State and county officials were aggressive in their approach, putting travel bans in place early and keeping them there for the duration of the storm. The only time they faltered in this approach was when Erie County Executive Mark Poloncarz announced that county residents who wanted to shovel at the Bills stadium were exempt from the travel ban. They utilized the emergency alert system twice to warn the public of the life-threatening storm, and provided regular updates to the public on what they could expect. New York State Governor Kathy Hochul’s successful negotiation to postpone the Buffalo Bills playoff game from Sunday to Monday was met with controversy outside of Buffalo but not (much) within it. She had heard her constituents’ cries of outrage at the handling of the last blizzard and did what needed to be done to quell them this time. And although it was clear that the state and county were running the show, with the City of Buffalo mostly parroting talking points and boosting information provided by the county, there did seem to be a seriousness about the snow removal efforts this time around that didn’t previously exist. Today, Buffalonians are savoring the sense of relief.

At least for the moment. The question still remains: Will Buffalo be ready for more severe and less predictable extreme weather events?
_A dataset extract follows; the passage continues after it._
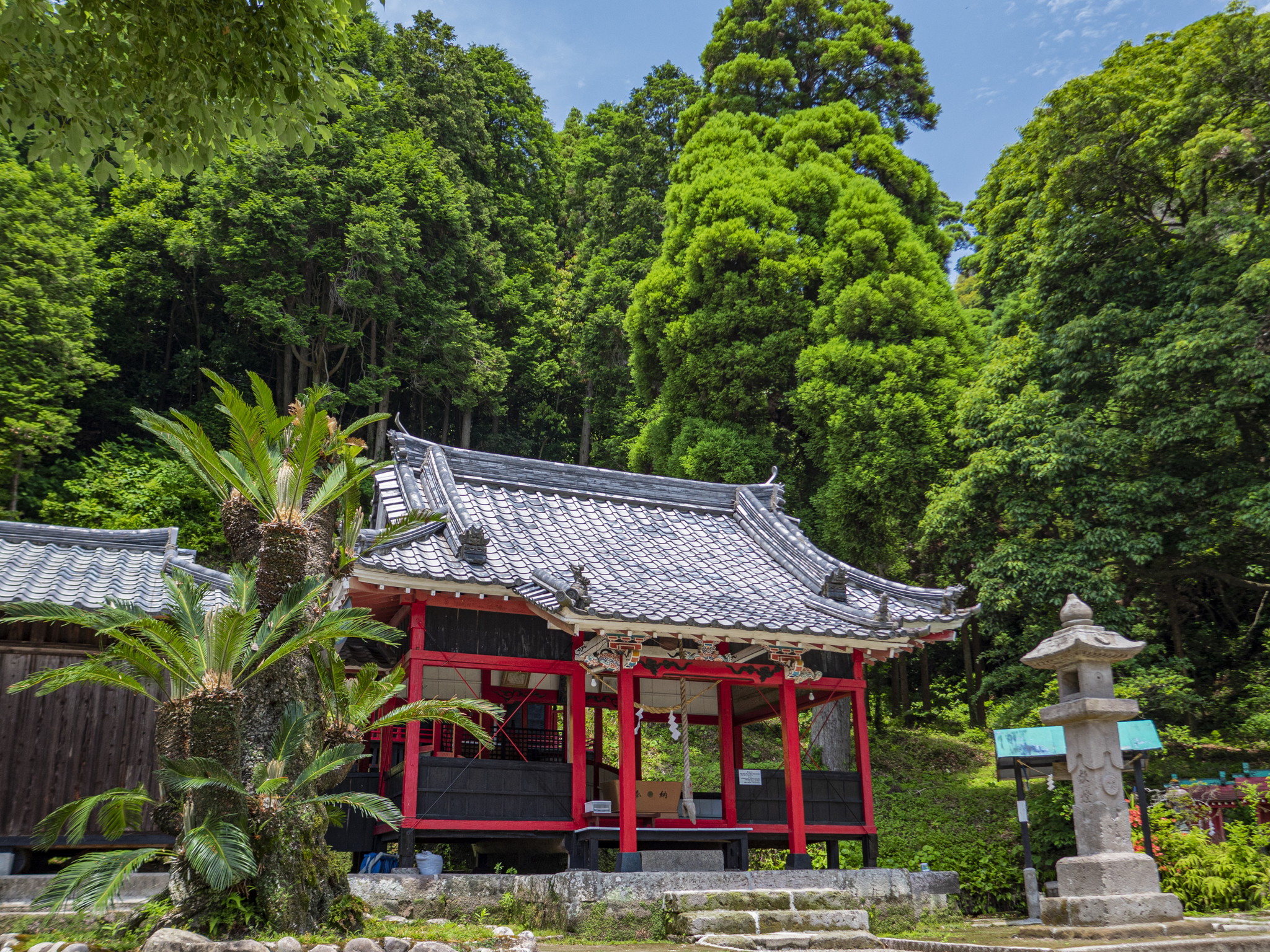 現在の社殿は、明治40年(1907)に改築され、その後修繕を加えたものです。春日造の本殿は間口2間・奥行1間半。入母屋造の拝殿は間口3間・奥行2間。例祭は、旧暦9月9日。旧暦3月16日の祈年祭には、境内で農耕・種蒔・奉射の御田植神事が行われます。能面五面が伝わっています。

Buffalo residents are beginning to answer that question through collective action and mutual aid efforts, running movement leaders for political office, resisting the City’s neoliberal policies, and showing up at City Hall to speak truth to power when it matters most.

Buffalo-born trauma therapist Nicolalita Rodriguez co-emceed the memorial for blizzard victims in Niagara Square on that unseasonably warm day in December. After everyone had spoken and the last note of “A Change is Gonna Come” had been sung, she stepped up to the mic and said, “Every one of these people has a story. They’re not just a name. We treat trauma as an individual and inevitable occurrence. We offer our sympathy, business as usual, like our City did. As a trauma therapist, I can tell you that this trauma is collective. Collective trauma requires collective healing.”
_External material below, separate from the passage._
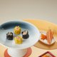 双色烧卖 主要食材:新西兰牛肉、无激素鸡肉、樱花虾、红萝卜、黄姜粉、鸡蛋、竹碳粉和蕃茜
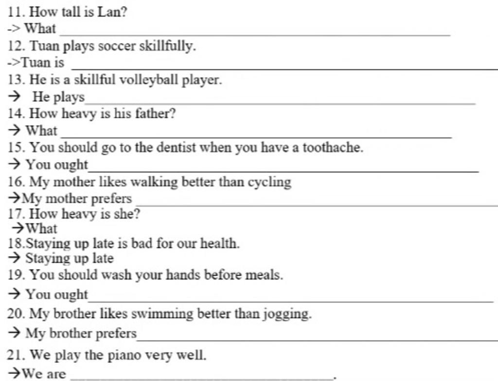 Dịch:Mẹ tôi thích đi bộ hơn đi xe đạp

In the coming year, Buffalonians will attempt to heal. The only way that can happen is by rejecting cynicism that keeps us unorganized and choosing hope through collective action. If displacement, segregation, poverty, and climate catastrophe are all policy-driven phenomena, then by out-organizing the opposition Buffalonians can prioritize the passage of policies that create a truly equitable, inclusive, climate-resilient, and democratic community.

“The onus should not be on individual people. This trauma is systemic. The deaths of our loved ones could have absolutely been prevented,” Rodriguez continued,  “In honoring the lives of those we’ve lost, we stand together to let our City know, we reject your sympathies. For any kind of healing process to begin, we need empathy and that starts with accountability.”

That’s why we’ll be drawing down power from those who would seek to skirt accountability and not commit to co-governing with the people. The new year brings new campaigns, and alongside policies, we’ll take aim at the very levers of power, by deepening and expanding participatory governance and community self-determination, by amending the current corporate charter, which concentrates power for the establishment, with one that is firmly grounded in community and human rights.